Terjemahan “mereka” :
“Dan apa yang dibiasakan manusia tentang hidangan dari keluarga si mayit yang disediakan untuk para undangan, adalah bid’ah yang tidak disukai agama, sebagaimana datangnya para undangan ke acara itu, karena ada hadits shahih yang diriwayatkan dari Jarir Radhiallahu ‘Anhu: Kami menganggap bahwa berkumpul di rumah keluarga si mayit, mereka menghidangkan makanan setelah penguburannya, adalah termasuk nihayah (meratap) –yakni terlarang.”
Berikut teksnya (yang benar),
وما اعتيد من جعل أهل الميت طعاما ليدعوا الناس إليه، بدعة مكروهة - كإجابتهم لذلك، لما صح عن جرير رضي الله عنه. كنا نعد الاجتماع إلى أهل الميت وصنعهم الطعام بعد دفنه من النياحة
“Dan kebiasaaan dari ahlu (keluarga) mayyit membuat makanan untuk mengundang (mengajak) menusia kepadanya, ini bid’ah makruhah (bid’ah yang makruh), sebagaimana mereka memenuhi ajakan itu, sesuai dengan hadits shahih dari Jarir ra, “Kami (sahabat) menganggap bahwa berkumpul ke ahlu (keluarga) mayyit dan menyediakan makanan (untuk mereka) setelah dikuburnya (mayyit) ”.
Mereka secara tidak jujur menterjemahkan status hokum “Makruh” pada kalimat diatas dan hal itu sudah menjadi tuntutan untuk tidak jujur bagi mereka sebab mereka telah menolak pembagian bid’ah. Karena penolakan tersebut, maka mau tidak mau mereka harus berusaha memelintir maksud bid’ah makruhah (bid’ah yang makruh) tersebut.
Padahal bid’ah juga dibagi menjadi lima (5) status hukum namun mereka tolak, sebagaimana yang tercantum dalam kitab al-Imam an-Nawawi yaitu Syarah Shahih Muslim ;
أن البدع خمسة أقسام واجبة ومندوبة ومحرمة ومكروهة ومباحة “Sesungguhnya bid’ah terbagi menjadi 5 macam ; bid’ah yang wajib, mandzubah (sunnah), muharramah (bid’ah yang haram), makruhah (bid’ah yang makruh), dan mubahah (mubah)” [Syarh An-Nawawi ‘alaa Shahih Muslim, Juz 7, hal 105]
Bila ingin memahami perkataan Ulama madzhab Syafi’I, maka pahami juga istilah-istilah yang ada dan digunakan didalam madzhab Syafi’i.
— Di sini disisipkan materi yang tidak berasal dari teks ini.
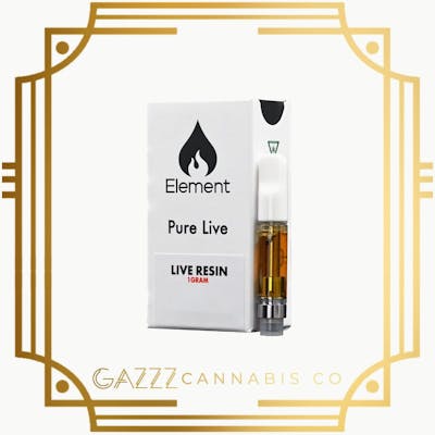 510 Vape Cartridge 1G Free of distillate, botanical terpenes and additives, Element Pure Live cartridges contain 100% live concentrate. Both Live Resin and Live Rosin Pure Live cartridges offer strong, strain-specific flavor profile with a full-spectrum experience.
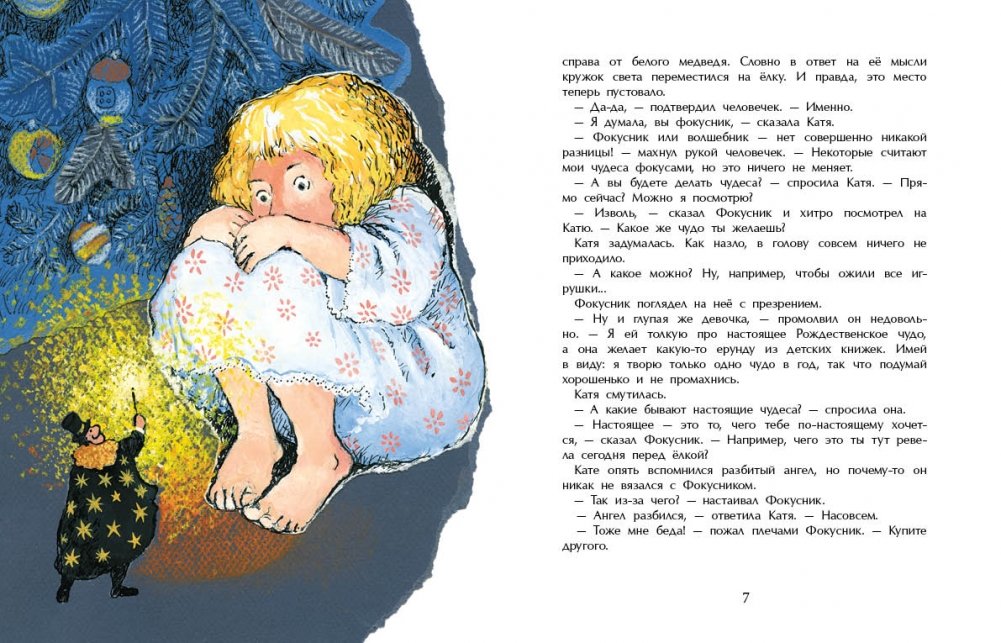 В Сочельник, как и положено в сказке, девочке Кате приходится пережить волшебное путешествие, пройти через испытания и опасности. Она оказывается среди библейских героев, там, где ждут рождения Младенца. И хотя украшавший ёлку старинный стеклянный ангел разбился, Катя, бережно сохранив белое пёрышко от его крыла, самоотверженно стремится сделать всё, чтобы не прерывалось вечное движение Рождественских событий.
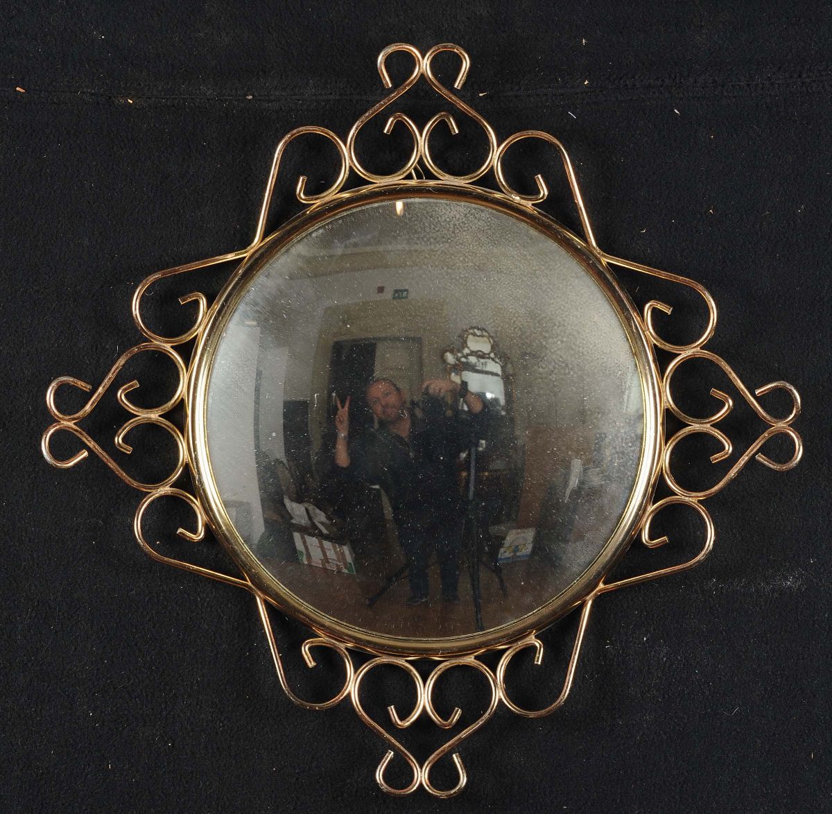specchio bombato in metallo e cornice in metallo dorato, cm 47x47
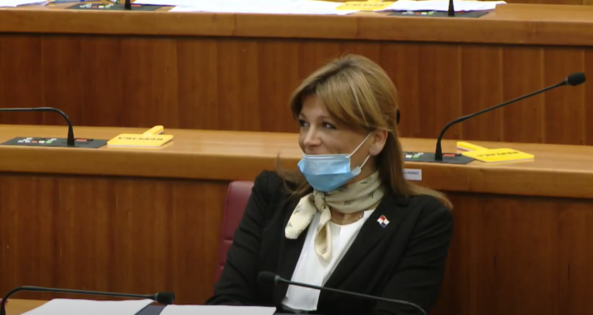 Jandroković je zastupnici dao opomenu, na što je ona rekla: "Povreda poslovnika, dakle izravno me vrijeđate. Uporno pokušavati nametnuti tezu da su svi isti. Nitko nije sporan tko je na pošten i zakonit način od Janafa dobio posao i na Janafu zarazio. Sporni ste vi koji ste iz kluba izvlačili milijune i skrivali ih u prtljažnike glavnih državnih odvjetnika ili njihovih zamjenika".

Penolakan mereka terhadap pembagian bid’ah ini, mengandung konsekuensi yang besar bagi mereka sendiri saat dihadapkan dengan kitab-kitab ulama Madzhab Syafi’iyyah, dan untuk menghidarinya, satu-satunya jalan adalah dengan jalan tidak jujur atau mengaburkan maksud yang terkandung dari sebuah kalimat. Siapapun yang mengikuti pemahaman mereka maka sudah bisa dipastikan keliru.
Status hokum yang disebutkan pada kalimat diatas adalah “Makruh”. Makruh adalah makruh dan tetap makruh, bukan haram. Dimana pengertian makruh adalah “Yutsab ala tarkihi wala yu’aqabu ala fi’lihi yaitu mendapat pahala apabila ditinggalkan dan tidak mendapat dosa bila di lakukan”. Makruh yang disebutkan diatas, juga terlepas dari hokum takziyah itu sendiri.
Kemudian persoalan “an-Niyahah (meratap)” yang pada hadits Shahih diatas, dimana hadits tersebut juga dikeluarkan oleh Ibnu Majah ;
عَنْ جَرِيْرِ بْنِ عَبْدِ اللهِ الْبَجَلِيِّ قَالَ: كُنَّا نَرَى اْلاِجْتِمَاعَ إِلَى أَهْلِ الْمَيِّتِ وَصَنْعَةَ الطَّعَامِ مِنَ النِّيَاحَةِ
“Kami (para sahabat) memandang berkumpul di ahlu (keluarga) mayyit dan membuat makanan termasuk bagian dari meratap”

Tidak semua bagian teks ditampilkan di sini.